> Exercise goal: The lines below must be transcribed exactly as given, with the images removed.

> Supplied data:
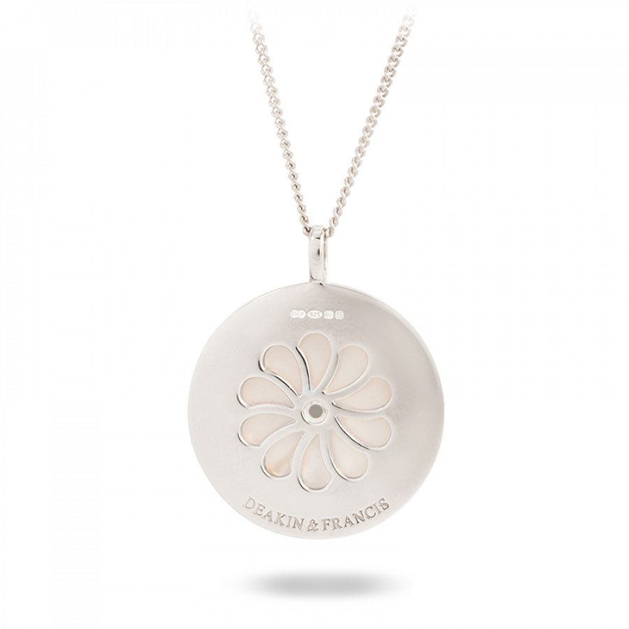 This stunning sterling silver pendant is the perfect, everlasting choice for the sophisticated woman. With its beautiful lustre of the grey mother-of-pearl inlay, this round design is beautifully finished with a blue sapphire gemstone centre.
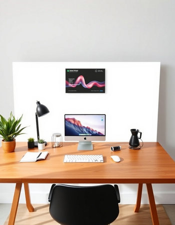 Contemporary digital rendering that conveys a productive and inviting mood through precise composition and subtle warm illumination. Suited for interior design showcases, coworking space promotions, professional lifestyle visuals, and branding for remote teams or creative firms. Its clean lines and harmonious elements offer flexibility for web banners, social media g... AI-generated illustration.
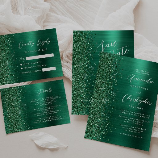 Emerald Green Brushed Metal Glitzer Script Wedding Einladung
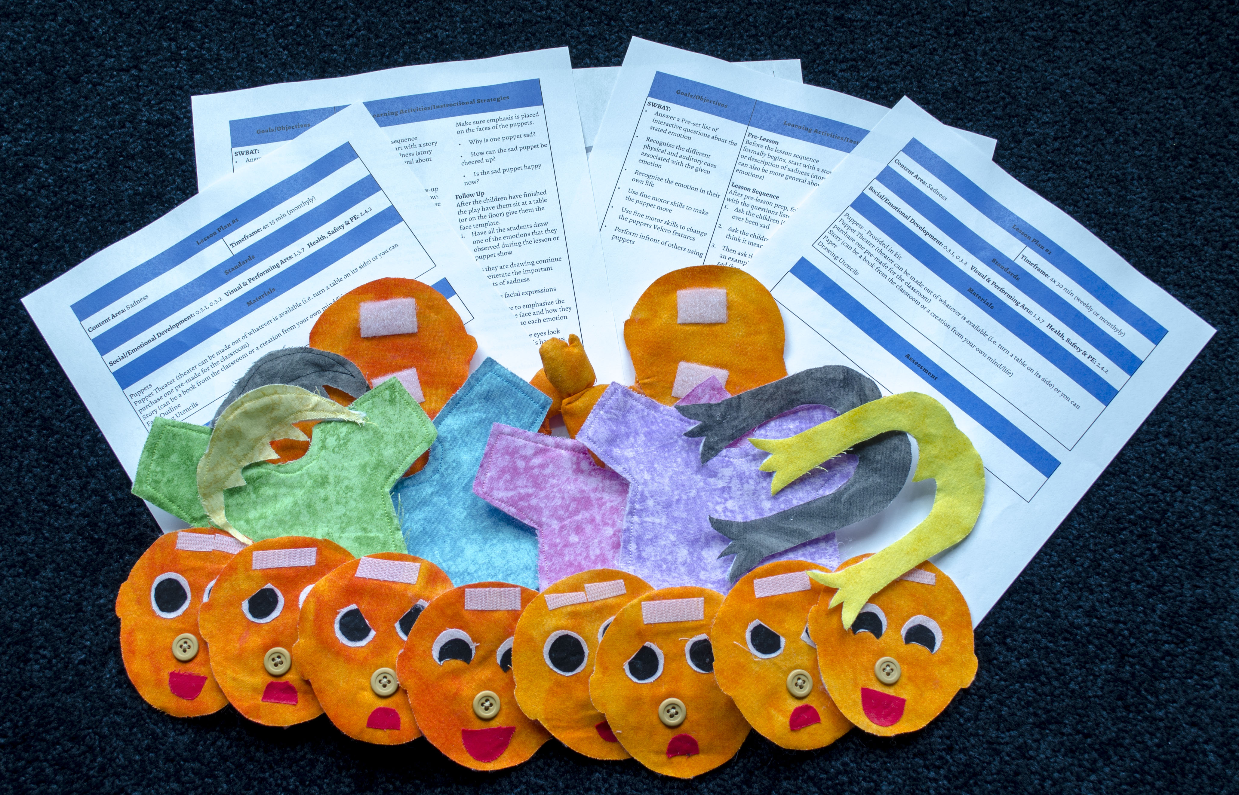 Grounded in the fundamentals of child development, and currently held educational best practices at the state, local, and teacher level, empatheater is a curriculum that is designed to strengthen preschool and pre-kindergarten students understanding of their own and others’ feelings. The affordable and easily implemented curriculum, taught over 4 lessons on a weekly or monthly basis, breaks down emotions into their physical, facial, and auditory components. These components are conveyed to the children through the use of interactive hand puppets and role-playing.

> Answer to this task:
 This stunning sterling silver pendant is the perfect, everlasting choice for the sophisticated woman. With its beautiful lustre of the grey mother-of-pearl inlay, this round design is beautifully finished with a blue sapphire gemstone centre.
 Contemporary digital rendering that conveys a productive and inviting mood through precise composition and subtle warm illumination. Suited for interior design showcases, coworking space promotions, professional lifestyle visuals, and branding for remote teams or creative firms. Its clean lines and harmonious elements offer flexibility for web banners, social media g... AI-generated illustration.
 Emerald Green Brushed Metal Glitzer Script Wedding Einladung
 Grounded in the fundamentals of child development, and currently held educational best practices at the state, local, and teacher level, empatheater is a curriculum that is designed to strengthen preschool and pre-kindergarten students understanding of their own and others’ feelings. The affordable and easily implemented curriculum, taught over 4 lessons on a weekly or monthly basis, breaks down emotions into their physical, facial, and auditory components. These components are conveyed to the children through the use of interactive hand puppets and role-playing.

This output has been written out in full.